Gov’t entered office on promise of change but four years later there is no sign of it

Dear Editor,

When does this political nonsense stop? How could anyone believe that certain shabby, at least suspect, practices will not see the light of day?  And how anyone, especially those on the media and political radars, think that they can get away with slippage?  I shake my head and wonder why I am even bothering to waste time to write about this.  But I still do.

Slippage has to be the euphemism to end all euphemisms.  Take a partial look: Academic scholarships for children and family members (way better applicants denied and left behind), cushy jobs for relatives (for which they are neither the most fit nor most proper), and rich contracts for those in the bosom (which raises issues of ethics and just plain damn common sense).  This is not a closed society; its leaders may have aspirations for a communist one and all the controls and tyrannies that go with that state, but Guyana is still relatively open, and relishing it.

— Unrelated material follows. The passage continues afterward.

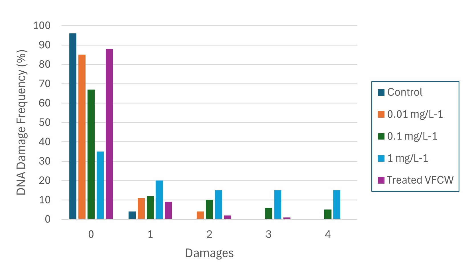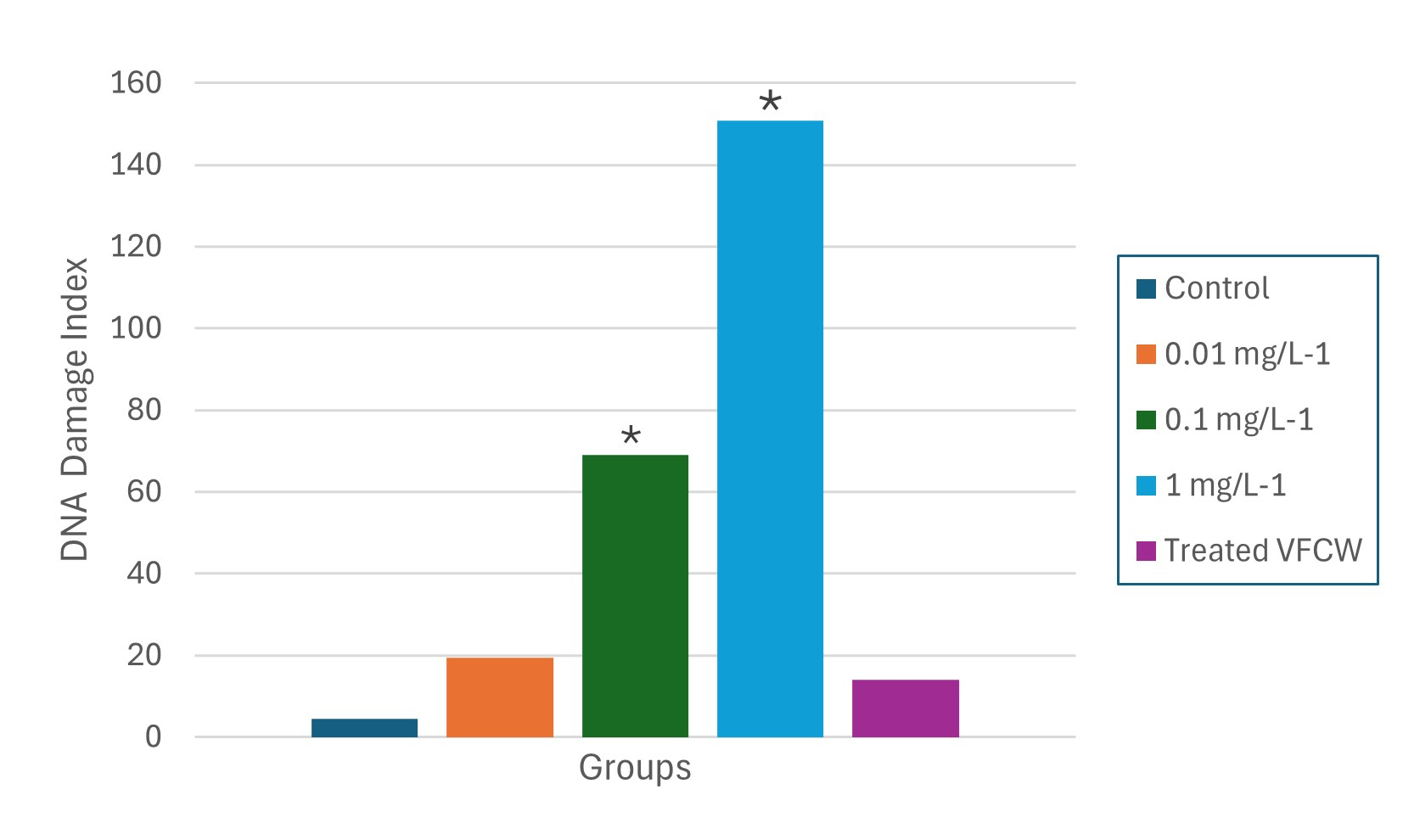 Comet assay. DNA damage classes 1, 2, 3 and 4 were detected through the comet assay only in the groups exposed to 0.1 and 1 mg L⁻¹ (Fig. 3). An apparent increase in DNA damage index (DI) was observed, with the highest values recorded at concentration 1 mg L⁻¹ of FLX. In contrast, the group treated by VCFW showed a DI close to that of the control group (Fig. 4).

It has, in parts, a vigilant and vibrant Fourth Estate; a reasonably fair and unbiased one. This media estate has neither been diversified nor downsized up to this point.  On the contrary, it spouts and spreads wings all over in various sharp silhouettes.  Some are formidable and very little passes undetected, and with special emphasis on things involving political players, things that smell of taint or mere question.  Also, there is that ubiquitous, sometimes malicious, occasionally magnanimous universe called social media.  Its denizens do not need proof; all they need is a whiff, a rumour, an innuendo, and it is off to the paradise of cyber exposure and the overkill of electronic warfare.  Innocents can get plastered.  It does not matter. Let the word go forth.

Now in this matter involving housing, contract, spouses, and a minister there is a duty to afford innocence.  After all, this is not an indecent, barbaric nation.  And yet, some things, on the sheer face of it, reeks of the improper, the unthinking, and the unacceptable.  How could anyone be so reckless as to harbour powerful sentiments of untouchability, undetectability, and unaccountability? Even if there is absolutely nothing wrong in that housing business, it looks bad, smells bad, and is bad. In this time and technological era, this day of the marauding media, this nonconfidential society, I am astonished that any of the high profile-be it a minister, a masquerader, or the masonic-still feel that they can get away with the personal atrocities and official depravities of yore.  It is illuminating as to hubris and that ingrown sense of exceptionalism that so many in positions of power and influence persist in throwing caution to the winds, and to dismiss watchers and citizens as fools and of no consequence.  They do so to satiate greed, and longstanding visions of what power is all about.  The misuse of power, the poisoned fruits of power.

Former leaders and ministers engaged in similar behaviour on a grand scale and plundered this country.  They thought they could get away with such. And despite the best efforts of lawyers at arranging the exits facilitated by technicalities and loopholes, they are damned in the court of public opinion as cheap hustlers. I daresay what is happening today under this government reflects some of that diseased pallor.  The wattage may not be as intense nor expansive, but it is there.  And I believe that this latest matter involving housing falls into that category.  A president is embarrassed.  If my assessment of him in relation to these matters is on the money, then I would like to think that he is acutely uncomfortable and furious.  I would be.

Editor, it is not only in housing that the air is rank and brings motion sickness.  There are other reports and other heavy whispers, enduring whispers, of other portfolios with one racket after another against their names and practices. They are around. Businessmen, once held up as pillars of lily-white commercial cleanliness are aware that their covers are blown.  It might be evading, or trading, or trafficking, or whatever in an endless list of multiple felony violations.  All the real estate, all the altruistic pursuits, all the character regentrification are not enough to mask or eliminate that which stand as haunting registers and irrefutable testimonies as to the evils inflicted on this land.

This government came about on promises of change.  Four years later, and many mistakes later, this is neither change nor some semblance of it.  With every respect, if His Excellency is not disturbed or moved, he should be.  I am, and I am a nobody. I would fire just about all of those who bring his example and vision into disrepute. He knows them well. There is one problem: this political society does not work this way.  And therein is the sum of local prodigality.